# Prompt
From the first line of the data down to the line bearing "రాష్టంలో తండ్రికొడుకుల ప్రభుత్వం", output every line exactly and include no pictures.

# Provided material
-------

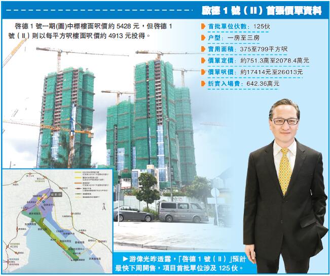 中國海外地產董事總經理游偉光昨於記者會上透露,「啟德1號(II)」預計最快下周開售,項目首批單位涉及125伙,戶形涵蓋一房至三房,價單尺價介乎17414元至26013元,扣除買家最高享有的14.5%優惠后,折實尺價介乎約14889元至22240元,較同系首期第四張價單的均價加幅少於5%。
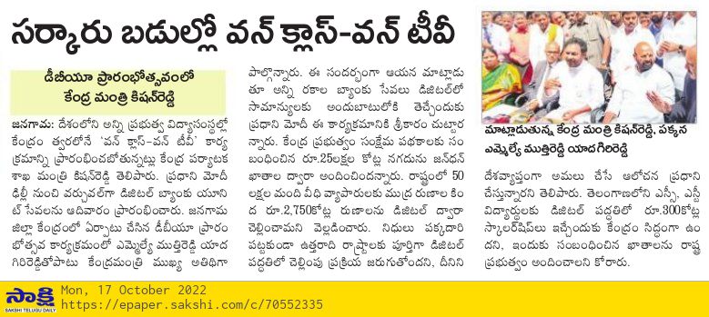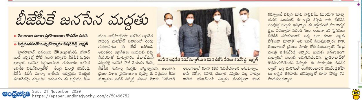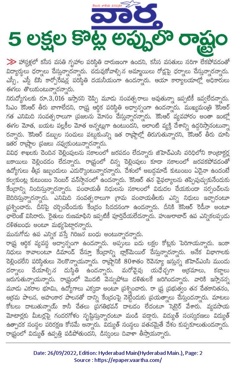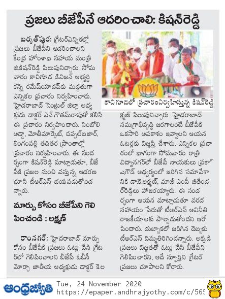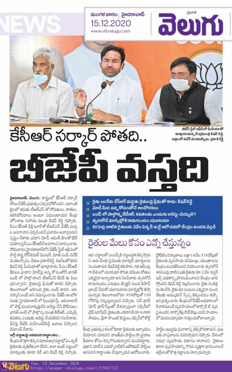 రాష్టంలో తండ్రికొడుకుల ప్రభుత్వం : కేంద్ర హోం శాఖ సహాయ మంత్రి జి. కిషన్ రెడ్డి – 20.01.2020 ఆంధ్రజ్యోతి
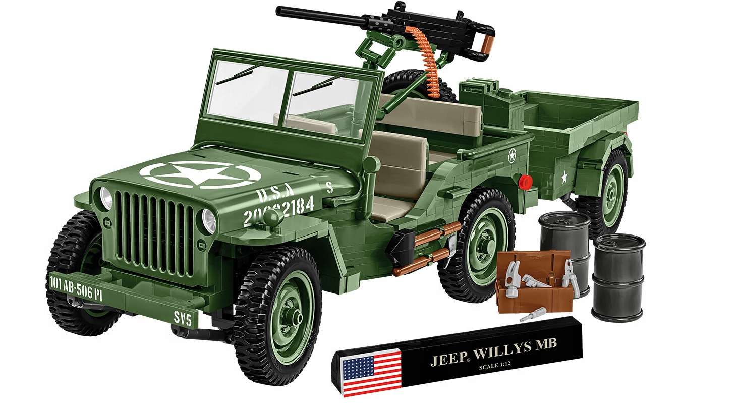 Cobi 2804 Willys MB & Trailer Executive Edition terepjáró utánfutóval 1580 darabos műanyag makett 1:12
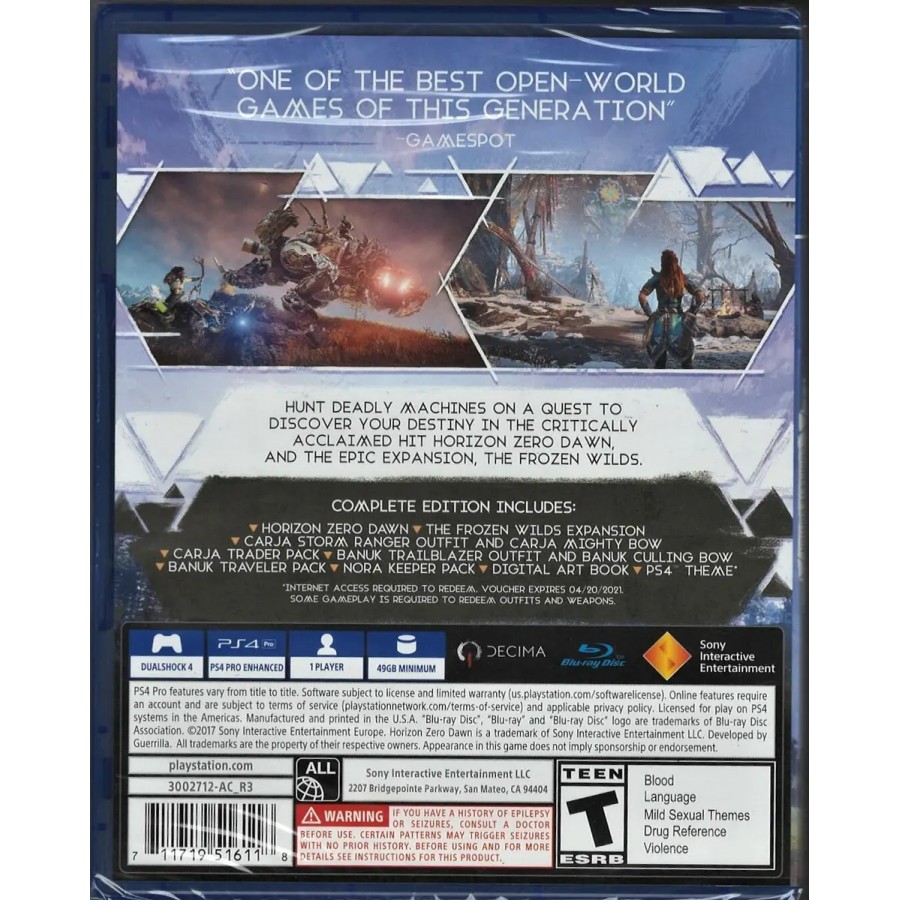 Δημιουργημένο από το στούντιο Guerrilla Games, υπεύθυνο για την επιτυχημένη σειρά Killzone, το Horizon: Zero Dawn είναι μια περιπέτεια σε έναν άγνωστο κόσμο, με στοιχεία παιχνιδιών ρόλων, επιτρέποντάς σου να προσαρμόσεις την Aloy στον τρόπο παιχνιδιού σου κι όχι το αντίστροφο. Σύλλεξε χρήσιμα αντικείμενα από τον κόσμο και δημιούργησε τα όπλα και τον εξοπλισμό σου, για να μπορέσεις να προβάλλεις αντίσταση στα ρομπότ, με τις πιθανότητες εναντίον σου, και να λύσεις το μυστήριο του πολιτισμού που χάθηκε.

-------

# Written answer
 中國海外地產董事總經理游偉光昨於記者會上透露,「啟德1號(II)」預計最快下周開售,項目首批單位涉及125伙,戶形涵蓋一房至三房,價單尺價介乎17414元至26013元,扣除買家最高享有的14.5%優惠后,折實尺價介乎約14889元至22240元,較同系首期第四張價單的均價加幅少於5%。
 రాష్టంలో తండ్రికొడుకుల ప్రభుత్వం : కేంద్ర హోం శాఖ సహాయ మంత్రి జి. కిషన్ రెడ్డి – 20.01.2020 ఆంధ్రజ్యోతి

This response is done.